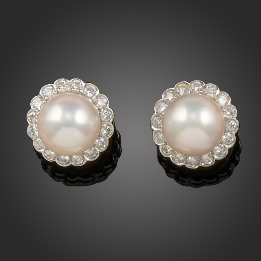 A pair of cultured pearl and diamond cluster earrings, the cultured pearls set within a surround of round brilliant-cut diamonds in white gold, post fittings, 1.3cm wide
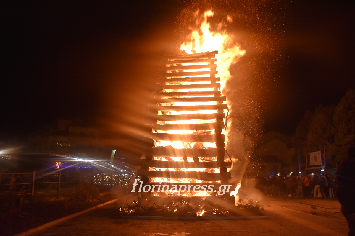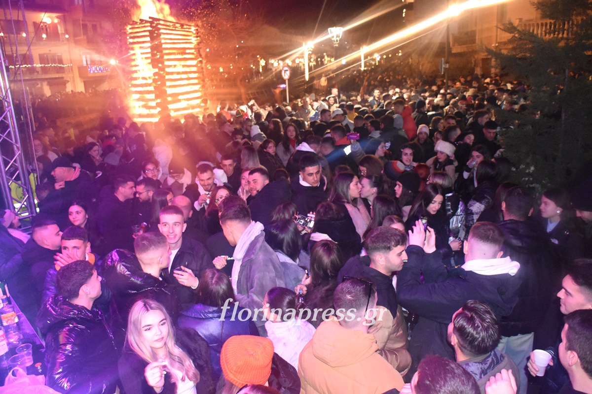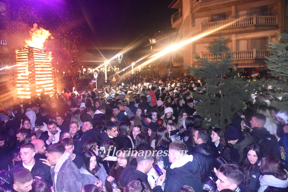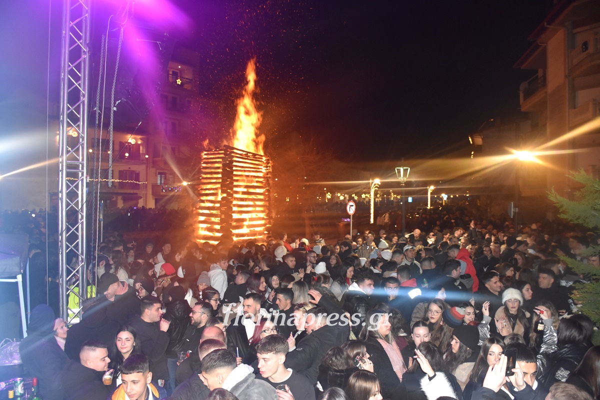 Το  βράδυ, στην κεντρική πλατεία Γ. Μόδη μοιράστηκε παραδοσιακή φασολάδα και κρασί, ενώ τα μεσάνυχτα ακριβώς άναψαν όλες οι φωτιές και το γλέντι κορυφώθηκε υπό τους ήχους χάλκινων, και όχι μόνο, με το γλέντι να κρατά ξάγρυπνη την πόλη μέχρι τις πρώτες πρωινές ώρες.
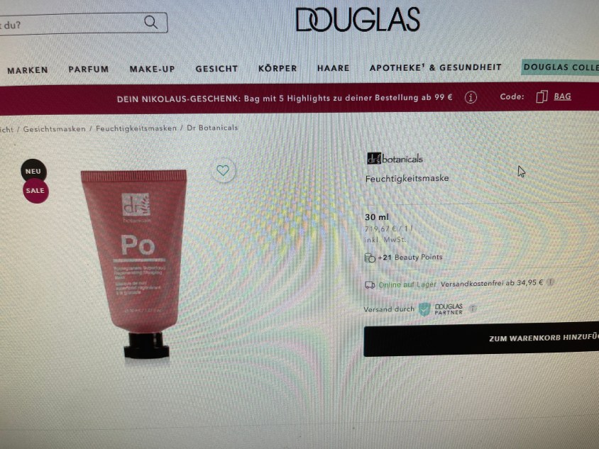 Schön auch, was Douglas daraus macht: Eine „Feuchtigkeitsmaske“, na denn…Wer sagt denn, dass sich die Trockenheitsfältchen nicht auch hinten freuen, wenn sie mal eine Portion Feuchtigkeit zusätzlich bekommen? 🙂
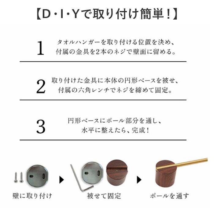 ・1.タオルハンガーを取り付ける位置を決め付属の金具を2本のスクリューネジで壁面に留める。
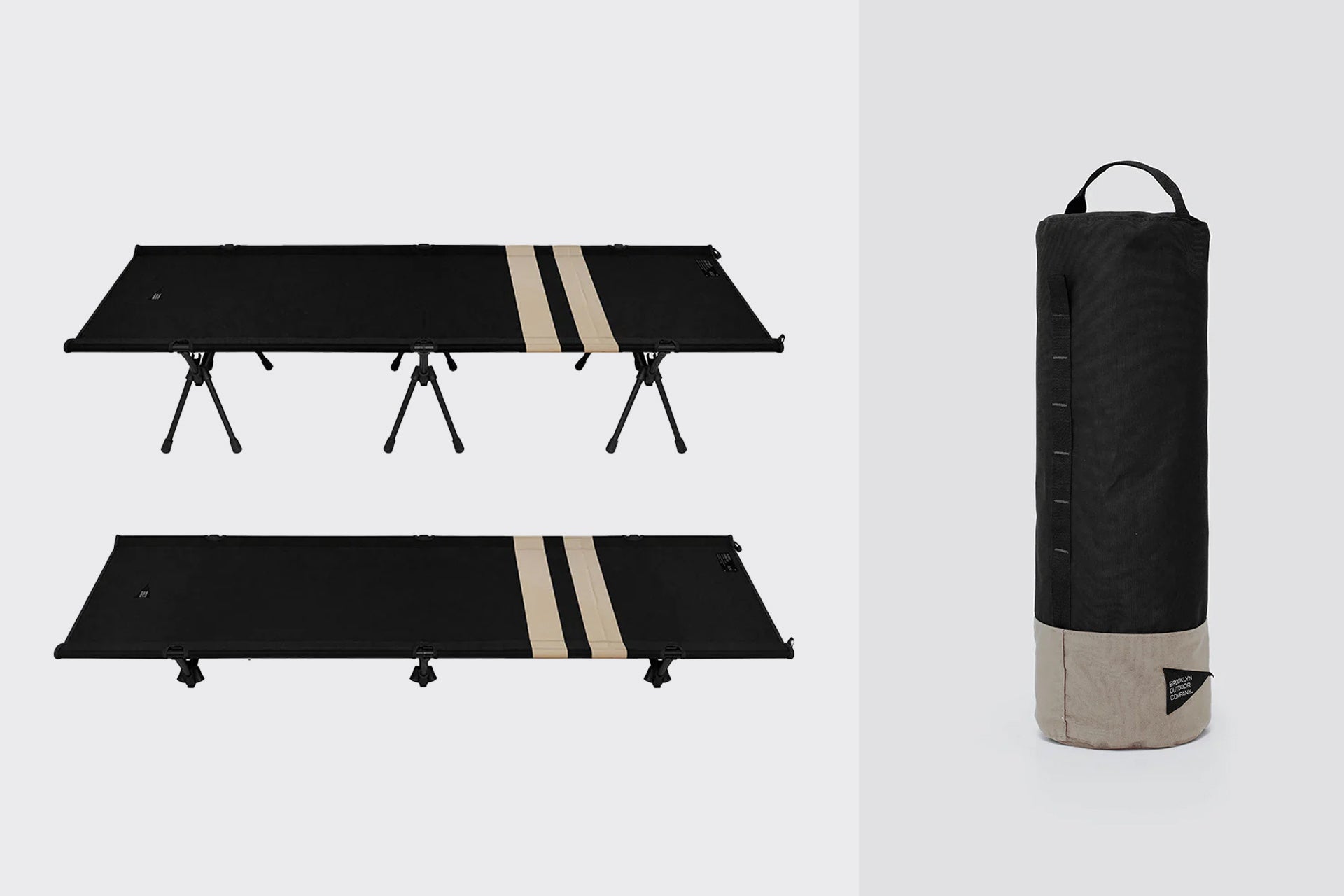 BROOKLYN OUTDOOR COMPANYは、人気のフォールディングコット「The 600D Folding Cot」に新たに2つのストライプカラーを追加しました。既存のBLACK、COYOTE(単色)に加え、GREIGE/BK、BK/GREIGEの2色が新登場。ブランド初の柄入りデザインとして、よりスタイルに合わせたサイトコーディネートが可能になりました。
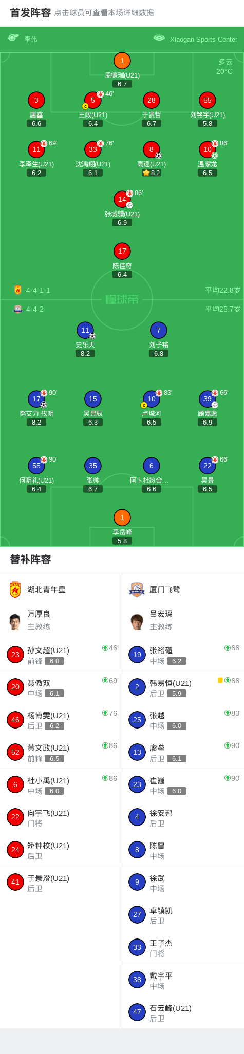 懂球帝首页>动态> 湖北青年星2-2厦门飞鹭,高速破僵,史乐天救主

§ §

__WHAT YOU ARE ASKED TO DO__
Every entry must be reproduced exactly, with the images left out.

__WRITTEN RESPONSE__
 A pair of cultured pearl and diamond cluster earrings, the cultured pearls set within a surround of round brilliant-cut diamonds in white gold, post fittings, 1.3cm wide
 Το  βράδυ, στην κεντρική πλατεία Γ. Μόδη μοιράστηκε παραδοσιακή φασολάδα και κρασί, ενώ τα μεσάνυχτα ακριβώς άναψαν όλες οι φωτιές και το γλέντι κορυφώθηκε υπό τους ήχους χάλκινων, και όχι μόνο, με το γλέντι να κρατά ξάγρυπνη την πόλη μέχρι τις πρώτες πρωινές ώρες.
 Schön auch, was Douglas daraus macht: Eine „Feuchtigkeitsmaske“, na denn…Wer sagt denn, dass sich die Trockenheitsfältchen nicht auch hinten freuen, wenn sie mal eine Portion Feuchtigkeit zusätzlich bekommen? 🙂
 ・1.タオルハンガーを取り付ける位置を決め付属の金具を2本のスクリューネジで壁面に留める。
 BROOKLYN OUTDOOR COMPANYは、人気のフォールディングコット「The 600D Folding Cot」に新たに2つのストライプカラーを追加しました。既存のBLACK、COYOTE(単色)に加え、GREIGE/BK、BK/GREIGEの2色が新登場。ブランド初の柄入りデザインとして、よりスタイルに合わせたサイトコーディネートが可能になりました。
 懂球帝首页>动态> 湖北青年星2-2厦门飞鹭,高速破僵,史乐天救主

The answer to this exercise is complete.